As part of this investigation, I found out that ServiceWorkerNavigationPreloader is not correctly handling the case of preload responses coming from cache.
In particular, no body will be given since we return early in waitForBody in case the preload network load is null.
Prevent this by making sure waitForBody calls the response completion handler if available, even if the preload network load is null.
And update the response body callback before executing the response completion handler to make sure data received synchronously from the preload is given to the service worker fetch task.
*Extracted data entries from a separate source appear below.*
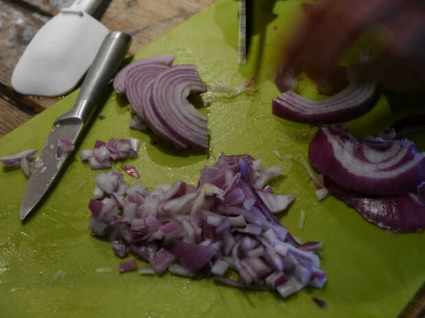 un guiso de invierno que le da una introducción larga frijoles y calabaza chayote. Aprender a utilizar más verduras nuevas; son buenos para usted.Paso 1: Ingredientes Base Picar dos cebollas, dos chiles serrano y un puñado de ajo.Añadir las cebollas
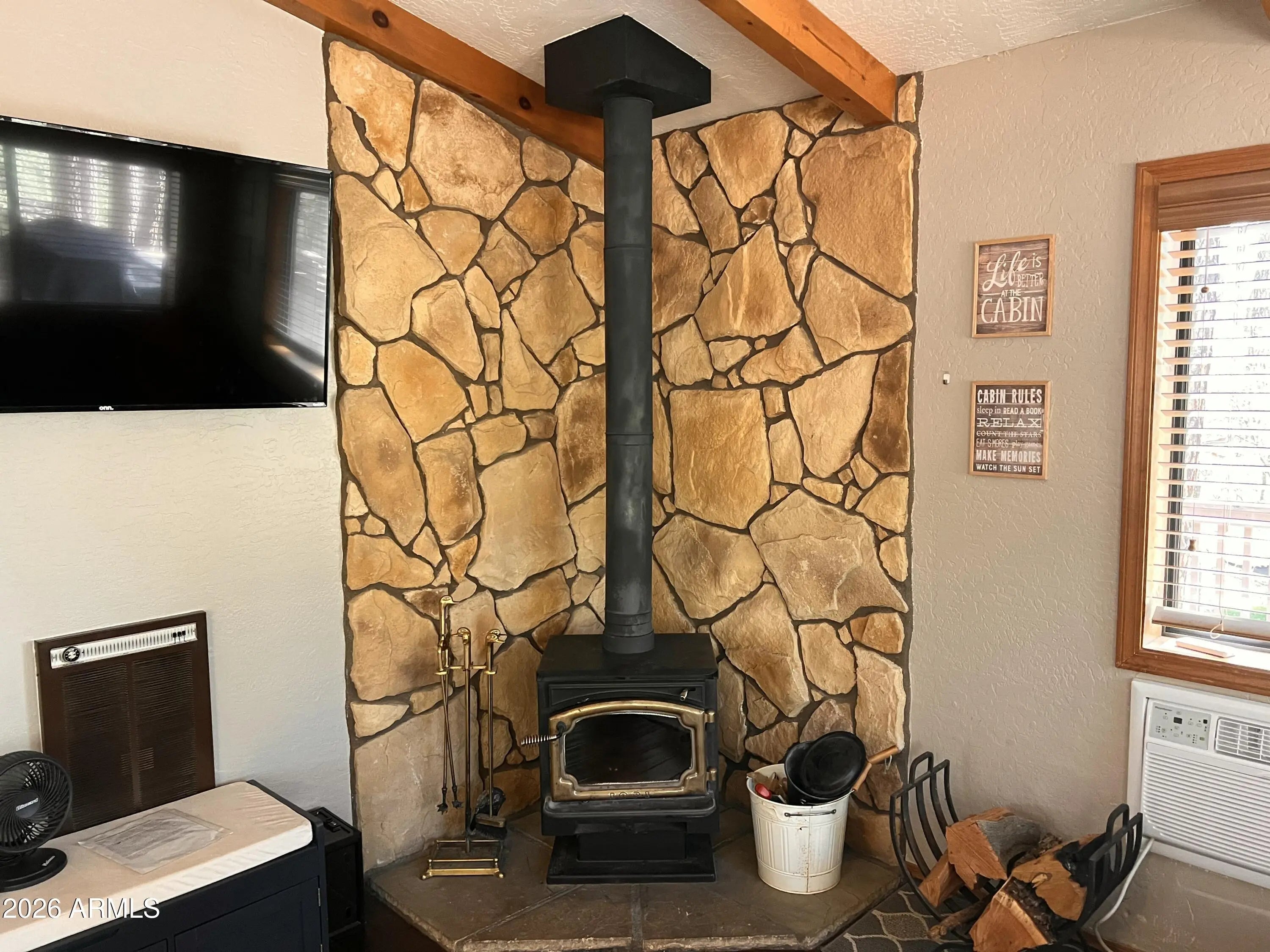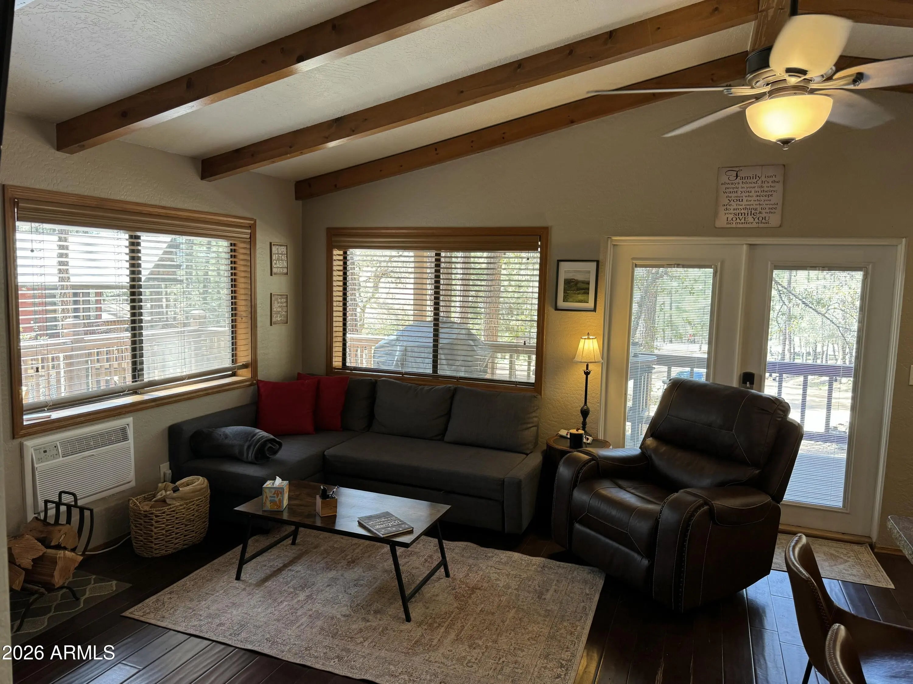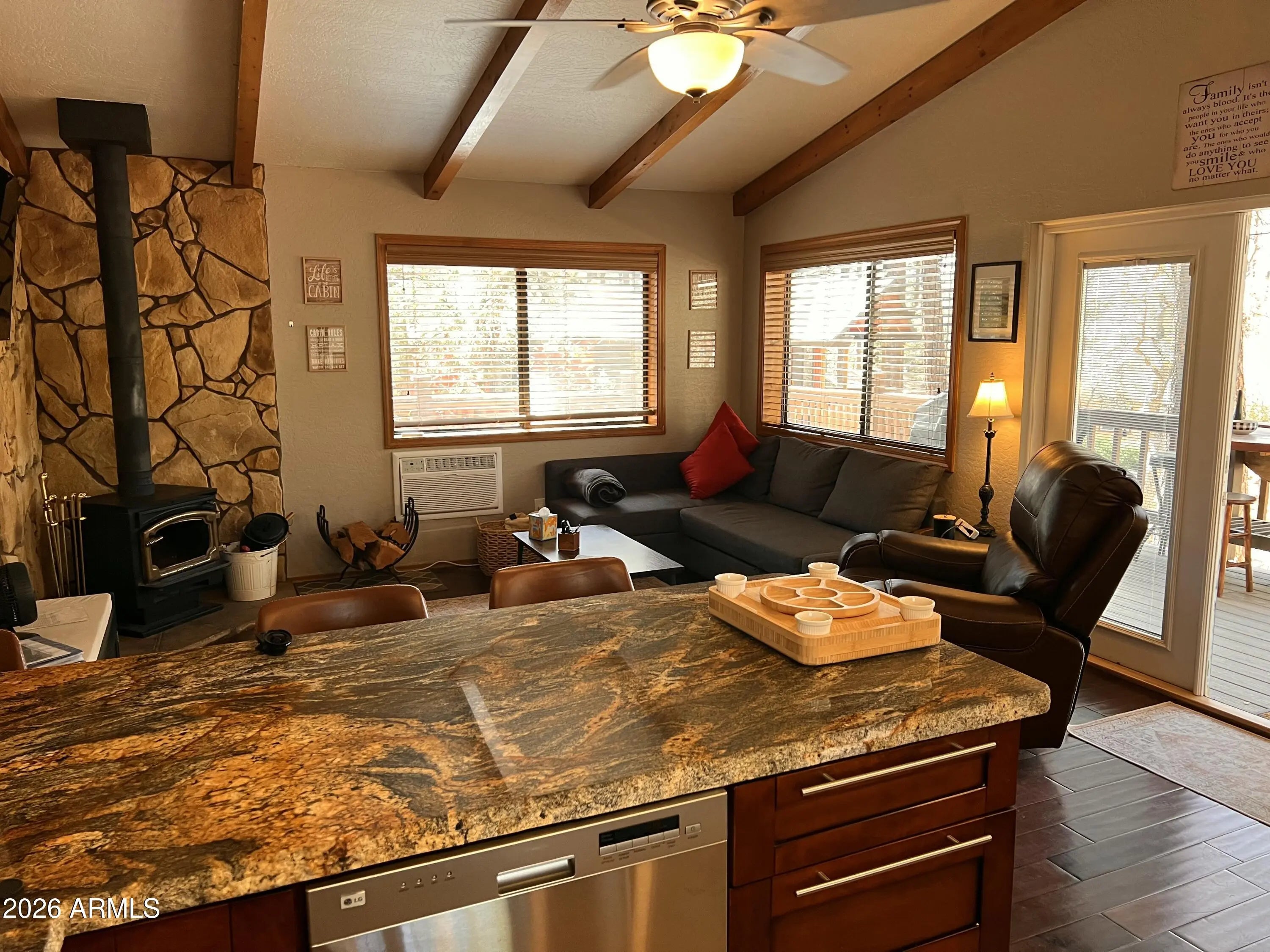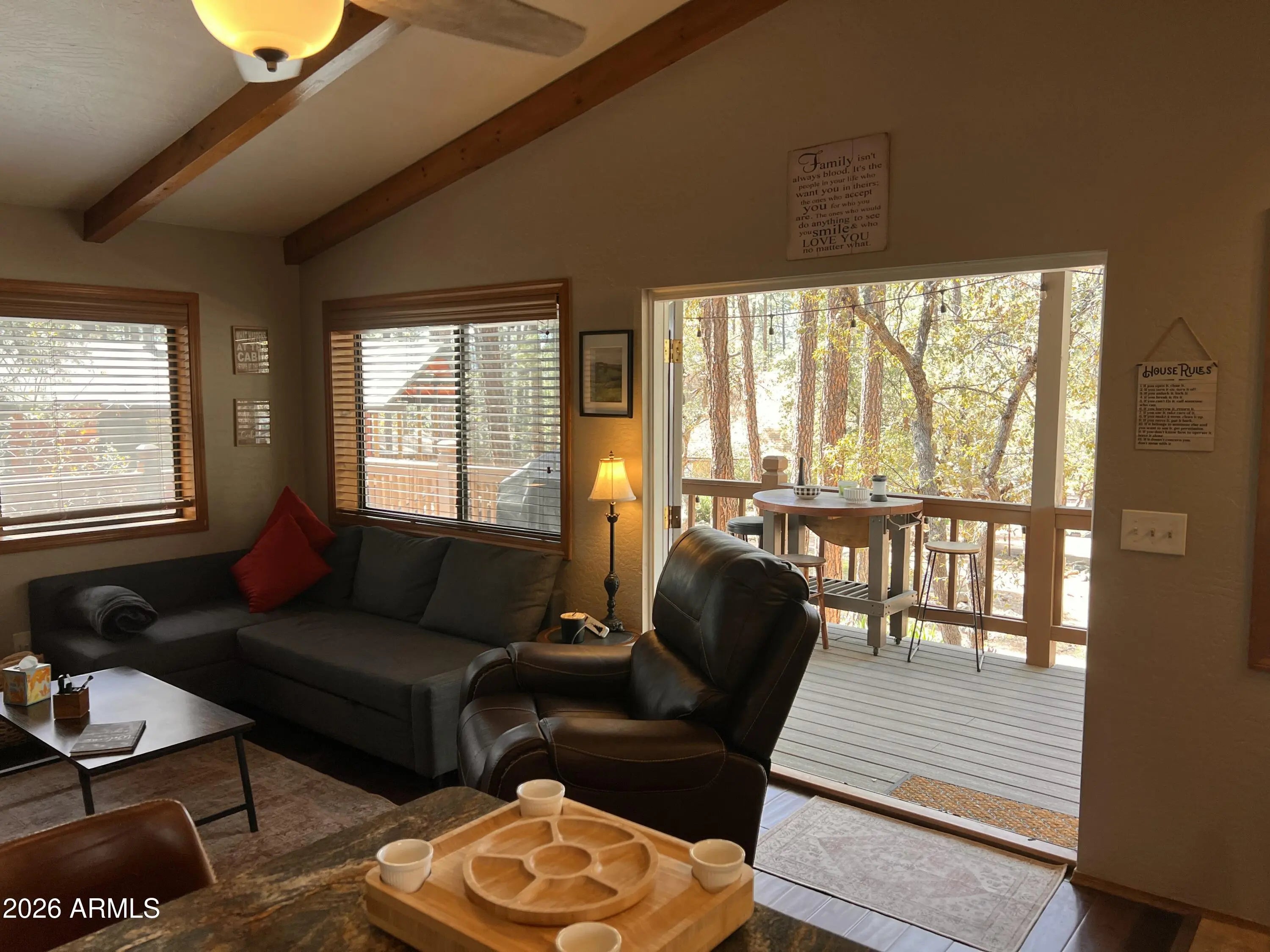 Set in the quiet beauty of Pine, this 2-bedroom cabin offers the perfect mix of cozy mountain character and thoughtful updates. Step inside to a warm and welcoming living space highlighted by dramatic vaulted ceilings, striking exposed beams, and a wood-burning stove surrounded by natural stone--ideal for relaxing after a day in the fresh mountain air. Wood-look engineered flooring runs throughout, adding both durability and style. The kitchen has been tastefully refreshed with granite countertops, stainless steel appliances, and plenty of space to cook, gather, and entertain. Outside, enjoy peaceful mornings and cool evenings on the covered front porch or the large wrap-around side deck, all surrounded by towering pines and scenic mountain views. Nature is right at your doorstep, with... frequent visits from elk, deer, and other local wildlife. There's also a spacious garage/shed for your gear and toys, plus an additional storage shed for convenience. Even better--most furnishings are included, making this an easy, turnkey escape to the mountains.
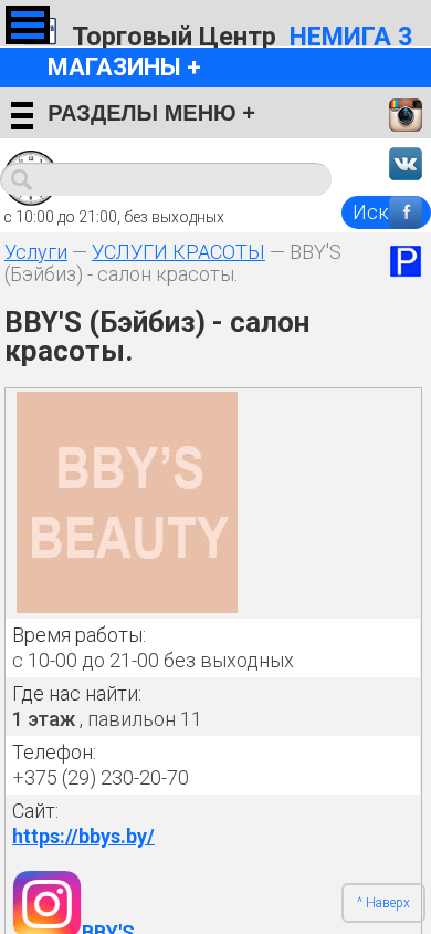 | Название / Заголовок | BBY'S - студия услуг по макияжу, маникюру, педикюру, прическам, ресницам, коррекции бровей :: Торговый Центр НЕМИГА 3. г.Минск |
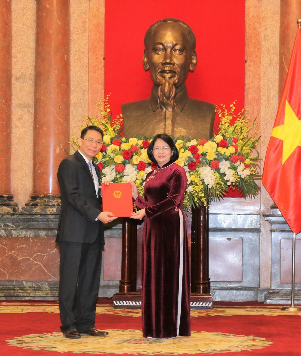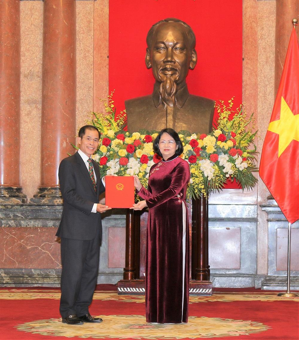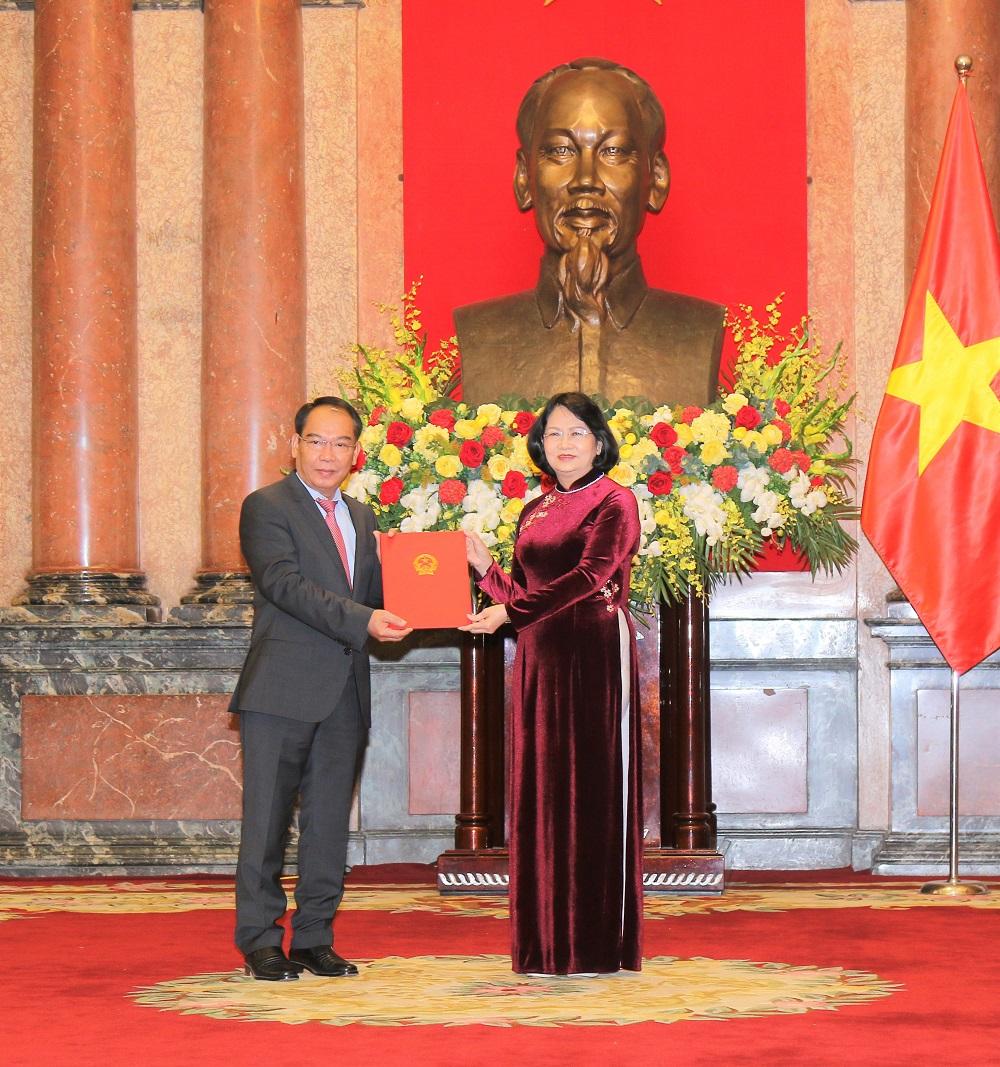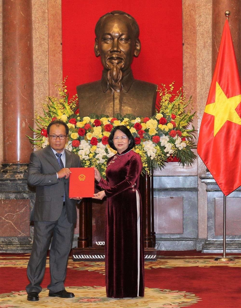 Phó Chủ tịch nước Đặng Thị Ngọc Thịnh trao Quyết định bổ nhiệm ông Trần Văn Khoa làm Đại sứ CHXHCN Việt Nam tại Brunei. (Ảnh: VPCTN/Công Gôn)
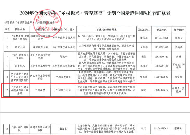 近日,由中央宣传部、教育部、共青团中央、全国学联联合开展的2024年全国大学生暑期文化科技卫生“三下乡”社会实践活动全国重点团队名单以及由共青团中央青年发展部主办中国农业银行支持的2024 年全国大学生“乡村振兴·青春笃行”计划全国示范性团队名单公布,三明学院闽台乡土微景观营造学社项目驱动创新班、“兴启点”闽台乡建乡创设计服务团2支团队分别成功入选。
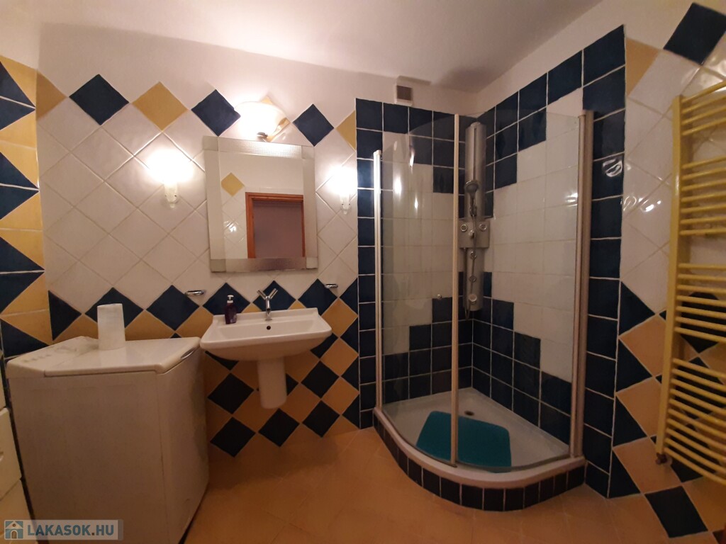 A tágas fürdőszoba zuhanykabinos, itt kapott helyet a mosógép is és egy tárolószekrény is.
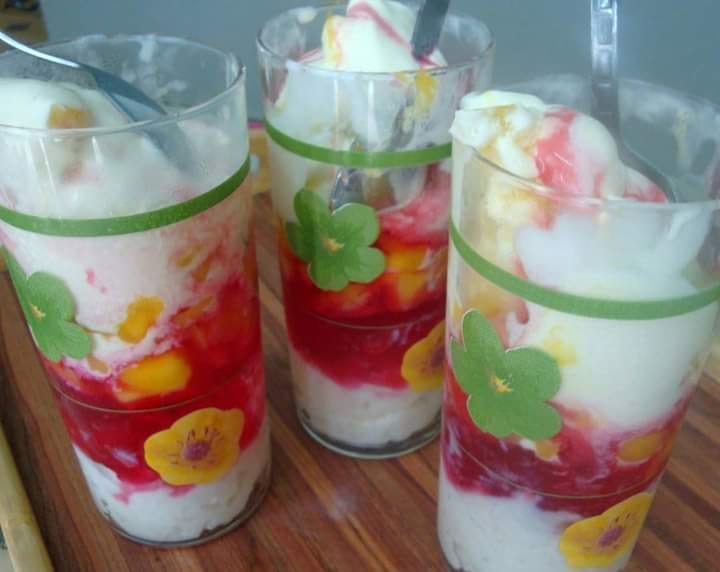ഇനി ഒരു ഗ്ലാസിൽ സെറ്റ് ചെയ്യാം ആദ്യം ഒരു സ്പൂണ് സേമിയ അല്പം വെള്ളത്തോടെ ഗ്ലാസില് ഒഴിക്കുക. ശേഷം സാബൂനരിയും പാലും കൂടിയത് ഒരു സ്പൂണ് ഒഴിക്കുക. പിന്നെ കഷങ്ങളാക്കിയ ജെല്ലി കുറച്ച് ഇടുക ശേഷം കസ്കസ് കുറച്ച് വിതറുക.എന്നിട്ട് നല്ല സ്റ്റൈൽ ആയി മുറിച്ചു വച്ച ഫ്രൂട്ട്സ് ചേർക്കുക ( ഈ ഫ്രൂട്ട്സ് മുറിച്ചു തണുപ്പിക്കാൻ ഞാൻ പറയണ്ടാലോ നിങ്ങക്ക് അറിയാമെന്നു എനിക്ക് അറിയാ അല്ലാണ്ട് പറയാൻ മറന്നു പോയതൊന്നും അല്ല 😑) അവസാനം വാനില ഐസ്ക്രീം ചേർക്കുക മുകളിൽ ഒരു ചെറി കൂടി വച്ചോളൂ,

Test: http/wpt/service-workers/fetch-service-worker-preload-cache.https.html

• NetworkProcess/ServiceWorker/ServiceWorkerFetchTask.cpp:
• NetworkProcess/ServiceWorker/ServiceWorkerNavigationPreloader.cpp:

LayoutTests:

• http/wpt/service-workers/fetch-service-worker-preload-cache.https-expected.txt: Added.
• http/wpt/service-workers/fetch-service-worker-preload-cache.https.html: Added.
• http/wpt/service-workers/resources/fetch-service-worker-preload-script.py:

Location:

trunk

Files:

• LayoutTests/ChangeLog (modified) (1 diff)
• LayoutTests/http/wpt/service-workers/fetch-service-worker-preload-cache.https-expected.txt (added)
• LayoutTests/http/wpt/service-workers/fetch-service-worker-preload-cache.https.html (added)
• LayoutTests/http/wpt/service-workers/resources/fetch-service-worker-preload-script.py (modified) (1 diff)
• Source/WebKit/ChangeLog (modified) (1 diff)
• Source/WebKit/NetworkProcess/ServiceWorker/ServiceWorkerFetchTask.cpp (modified) (2 diffs)
• Source/WebKit/NetworkProcess/ServiceWorker/ServiceWorkerNavigationPreloader.cpp (modified) (2 diffs)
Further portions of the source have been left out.